* Assignment
Every line from the one with "Our iconic Roberto" through the final line of the data below goes in the answer, copied exactly. Pictures do not.

* Dataset section
--
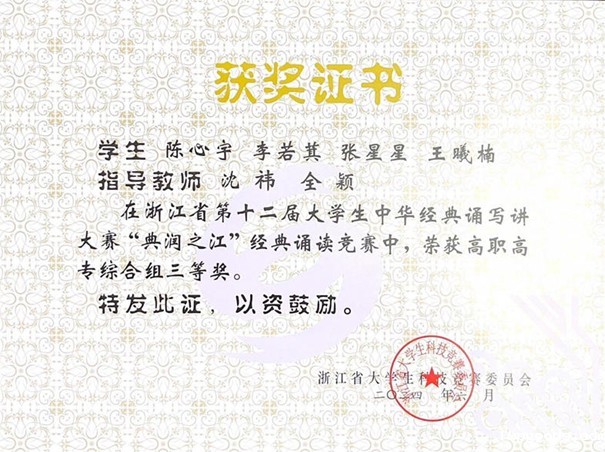 浙江省第十届大学生中华经典诵写讲大赛“典润之江”经典诵读竞赛综合组三等奖
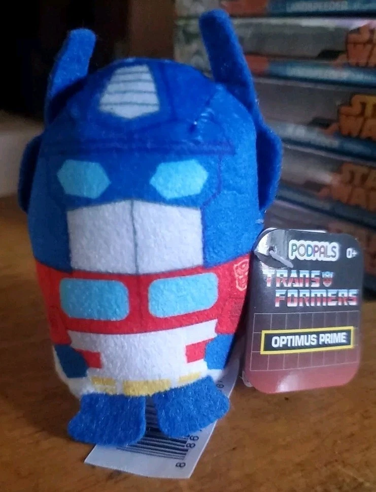 The Transformers Optimus Prime Podpals is a 3" mini plush toy from Just Play, featuring the iconic character from the Transformers series. This colorful multicolor plush is perfect for everyday play and collecting. With its small size, it is easy to carry around or display as part of a Transformers collection. The toy is new with tags, making it a great addition for fans of the Transformers franchise. Thanks for looking
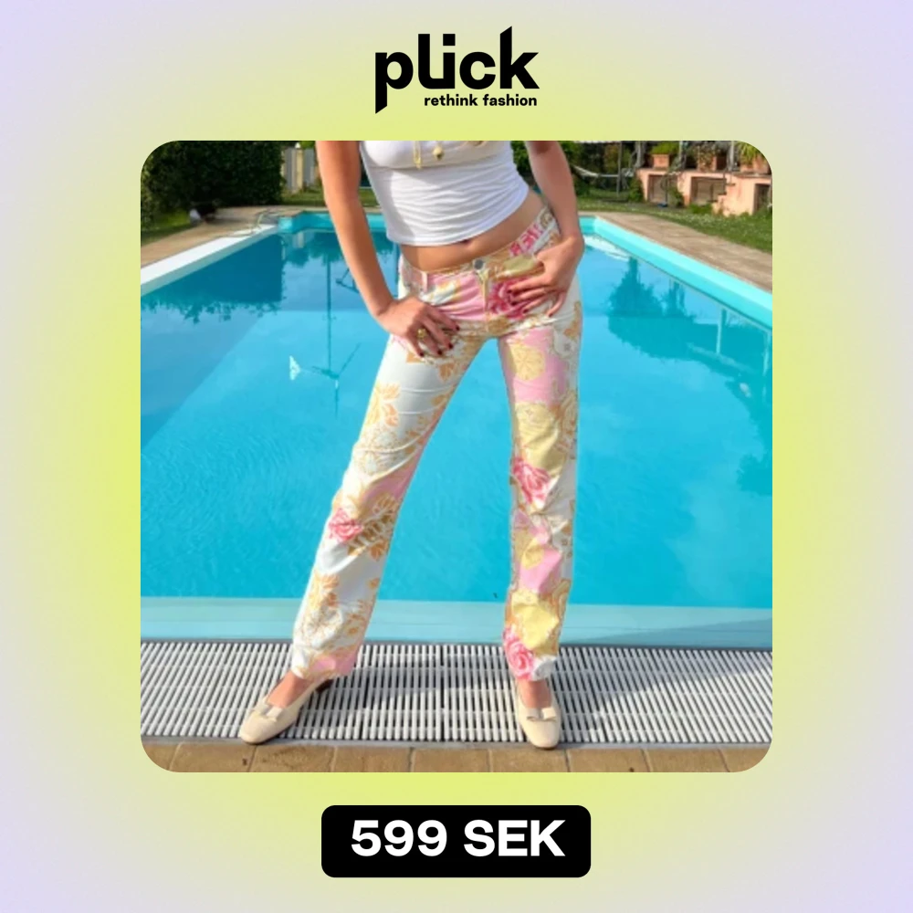 Our iconic Roberto Cavalli trousers in a beautiful flower pattern đș Pair with a fitted t-shirt and some cute kitten heels for the perfect evening look! waist: 38cm length: 108cm inseam: 82 cm
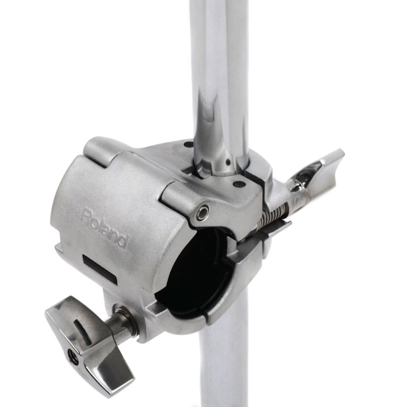 Roland MDY-STG Hatched Cymbal Mount. Give your V-Drums stand the glitz and gravitas of your favorite stage rack when you pair it with the Roland MDY-Stage cymbal mount. This versatile boom stand with integrated rack clamp fits all Roland MDS rack stands (MDS-25, MDS-50KV). IT is compatible with any V-Cymbal pad in your collection. The universal ball tilter gives you full positional freedom of your hi-hats, rides, crashes, and splash. The gripper top/felt assembly secures your V-Cymbals without constricting or causing unwanted triggering. The Roland MDY-Stage comes decked out in a classic chrome finish to recall the look of your favorite drum racks.
--
* Task result
 Our iconic Roberto Cavalli trousers in a beautiful flower pattern đș Pair with a fitted t-shirt and some cute kitten heels for the perfect evening look! waist: 38cm length: 108cm inseam: 82 cm
 Roland MDY-STG Hatched Cymbal Mount. Give your V-Drums stand the glitz and gravitas of your favorite stage rack when you pair it with the Roland MDY-Stage cymbal mount. This versatile boom stand with integrated rack clamp fits all Roland MDS rack stands (MDS-25, MDS-50KV). IT is compatible with any V-Cymbal pad in your collection. The universal ball tilter gives you full positional freedom of your hi-hats, rides, crashes, and splash. The gripper top/felt assembly secures your V-Cymbals without constricting or causing unwanted triggering. The Roland MDY-Stage comes decked out in a classic chrome finish to recall the look of your favorite drum racks.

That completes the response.